大勢の人に愛された“ミスタープロ野球”長嶋茂雄さんが、3日朝、亡くなりました。現役時代、巨人で長嶋さんと一緒にプレーして“特別にかわいがられた”という高知県出身の濵村孝さんが、数々の思い出を語ってくれました。
濵村孝(はまむら・たかし)さんは、1947年4月26日生まれ、高知県土佐市宇佐町の出身です。高知商業高校から1965年のドラフト1位で西鉄ライオンズに入団し、1966年~70年は西鉄でプレー。その後トレードで巨人に移籍し、1971年~72年の巨人在籍時に、11歳近く年上の長嶋さんと一緒にプレーしていました(選手時代の登録名は浜村健史)。

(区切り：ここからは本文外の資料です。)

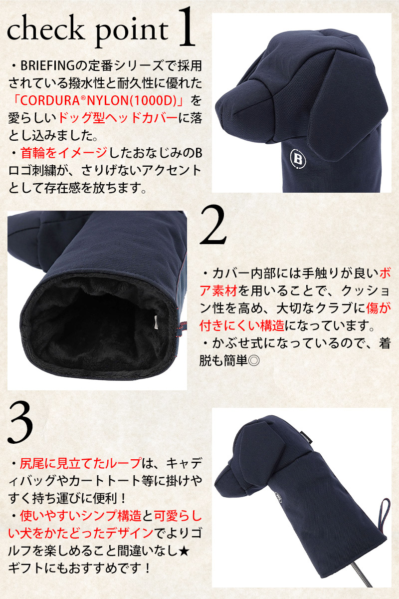 BRIEFING定番シリーズと同じ素材を、人気のドッグ型ヘッドカバーにも使用。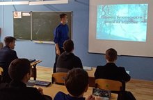 Все мы любим зиму за возможность поиграть в снежки и насладиться зимними видами спорта. Водоёмы покрываются льдом, и можно покататься на коньках или пойти на зимнюю рыбалку. Однако следует помнить о том, что лёд - очень опасная и хрупкая вещь. Прежде чем выходить на замёрзшую водную поверхность, необходимо ознакомиться с правилами поведения на льду, ведь выполнение элементарных мер предосторожности - залог вашей безопасности! На такую тему во всех классах прошли классные часы .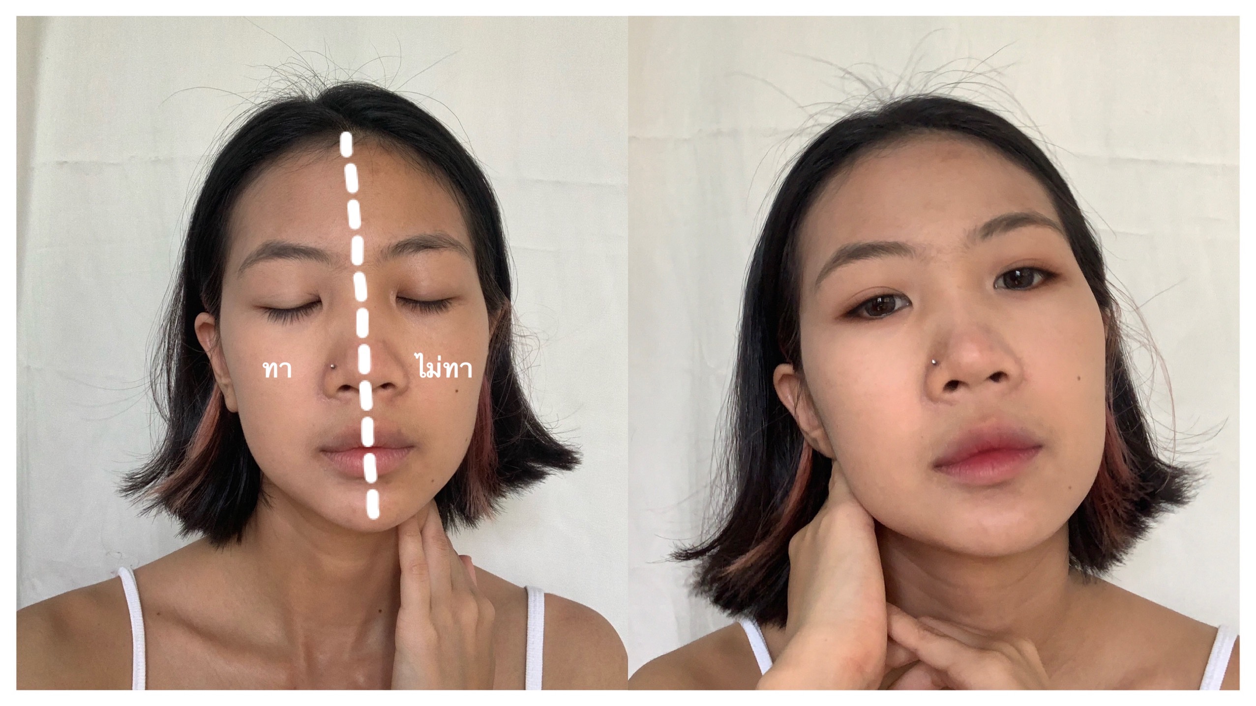ดูทางซ้ายของเรา ทาข้างเดียวก็เรียกได้ว่า ปกปิดอยู่นะแบบเนียนๆ และหน้ามันๆของเราก็หายไปเลยจ้า ตามสโลแกนแต่เดิมของนางเลย เนียนกริบ! และมันก็ดูเปนธรรมชาติอ่ะ ไม่โป๊ะ ถือว่าให้ๆ ก็ต้องให้ กับเจ้าศรีจันทร์ตัวใหม่นี้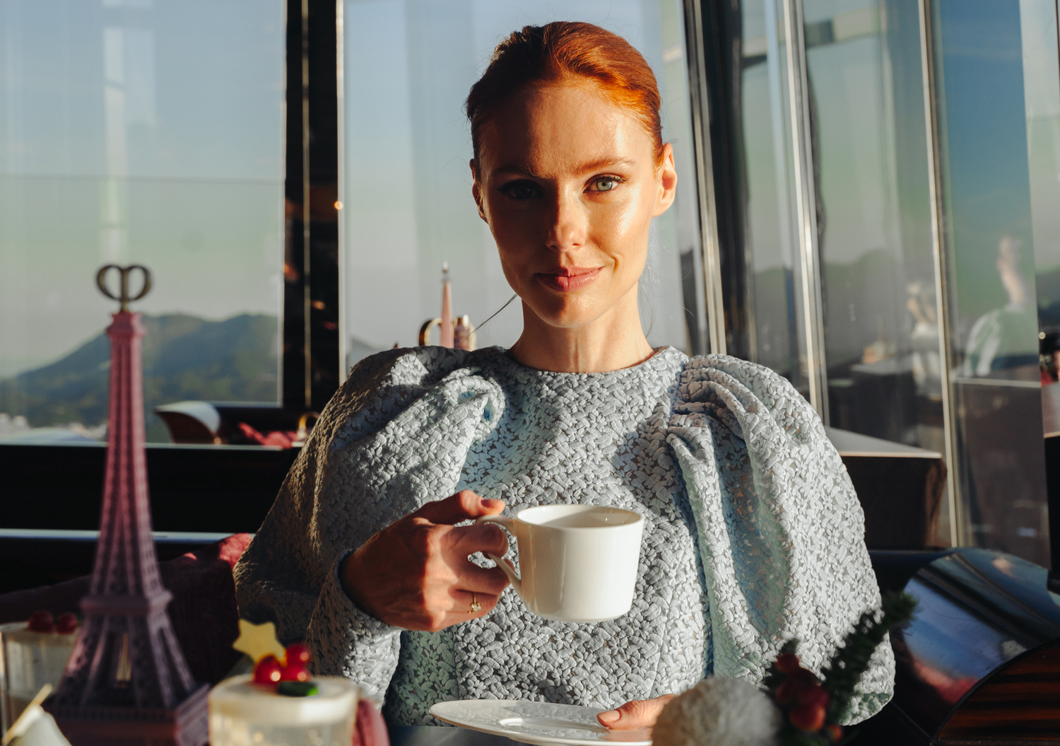103 floors up above the busy city streets of Kowloon, we were treated to an elegant afternoon tea at Café 103 for the Frosted City of Dreamlight Afternoon Tea. Even though the entire skyline of Hong Kong is visible from the 103rd floor at the Ritz Carlton Hong Kong, it’s the city of Paris that is the highlight here, with French artist Jean Dalin collaborating on this exquisite collection. Hues of metallic purples and feminine pinks dominate both the beauty collection and the tea set, giving you the sense that you’re enjoying an afternoon treat in France rather than Hong Kong.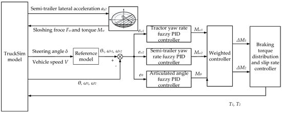 The general architecture of the yaw stability control method for the liquid tank semi-trailer is shown in Figure 7. The TP model calculates the force and torque generated by liquid sloshing, the TruckSim software provides the real-time state parameters of the vehicle, and the reference model provides the expected values of state parameters of the vehicle. The difference between the real-time state parameters and the stable state parameters is controlled by the tractor yaw rate fuzzy PID controller, the semi-trailer yaw rate fuzzy PID controller, and the articulation angle fuzzy PID controller, and the final additional yaw moment required by the tractor and semi-trailer is obtained after the weighted control of the above three. The additional yaw moment of the vehicle is provided by the braking torque of the wheels. Through the braking torque distribution and the wheel slip rate control, the braking torque of each wheel of the tractor and the semi-trailer is fed back to the TruckSim software to correct the state of the vehicle in real-time, to achieve the yaw stability control of the liquid tank semi-trailer.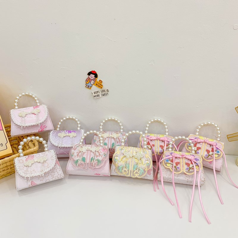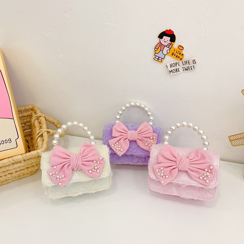 甘い蝶結びのミニ赤ちゃんの斜め掛けの小さい香風の子供のショルダーバッグの洋風の王女の真珠のハンドバッグのカバン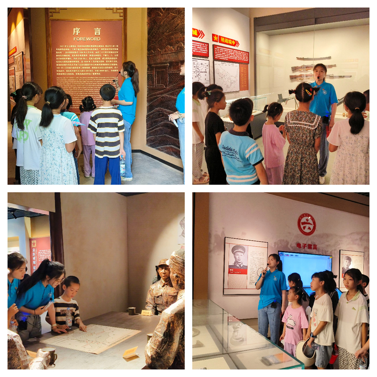 数理学院乡村振兴青年观察家实践团赴高峰乡西港村新四军第四支队司令部旧址开展“红色讲解员”志愿服务活动。“现在映入大家眼帘的是新四军第四支队司令部的作战指挥室和战地沙盘、战士们使用过的武器、战利品、生活用品及发展生产的农具....”伴随着声情并茂的讲解,两位身穿建大蓝、胸口佩戴党员徽章的大学生讲解员活跃在新四军第四支队司令部旧址内,为前来参观学习的20多位中小学生讲述新四军第四支队的发展历史,共同追忆峥嵘岁月。

現在は故郷・土佐市宇佐町で「浜村海産」を営む濵村さん。長嶋さんが亡くなったことを受け取材に応じると、「まさか…」という言葉を繰り返しました。
◆濵村孝さん
「長嶋さん…まさかね…。高齢やからね、病気してたから心配はしとったんですけど、まさかね…。もっと長生きしてもらいたかったなと。僕らは、長嶋さんがテレビに出ているのを見るのが、いまだに好きやった」
濵村さんは1971年に、福岡に本拠地を置く西鉄ライオンズから、巨人に移籍しました。そんな濵村さんを、長嶋さんは“特別に”かわいがり、接してくれたといいます。
◆濵村孝さん
「現役時代、田舎の福岡の球団からトレードで巨人に行って、2軍ぐらいの選手やったのに、長嶋さんはかわいがってくれましてね。長嶋さんがウォーミングアップする時は私がパートナーでランニングに付き合ったり、ノックを受ける時はいつも長嶋さんが僕と一緒に受けてくれて、いろいろアドバイスしてくれて…。本当に、いつも『一緒にランニングしよう』って、どういうわけか知らんけど誘ってくれましたね」
◆濵村孝さん
「それは、嬉しいですよ。長嶋さんと一緒に練習できるなんて、夢にも思ってないじゃないですか。長嶋さんは“スーパースター”ですけど、僕らは“1軍半”ぐらいでジャイアンツへ行った選手ですからね。よく励ましてくれましたよ。『ジャイアンツはいいチームだろう?』『頑張ってやれよ!』とか、よく声をかけてくれましたね」
現役時代から長嶋さんは思いもよらない言動が注目され、それが“天然”とされて大勢の人に愛されてきました。しかし、グラウンドで一緒にプレーした濵村さんは、野球に対して“ひたむき”に取り組む長嶋さんの姿が、脳裏に焼き付いているといいます。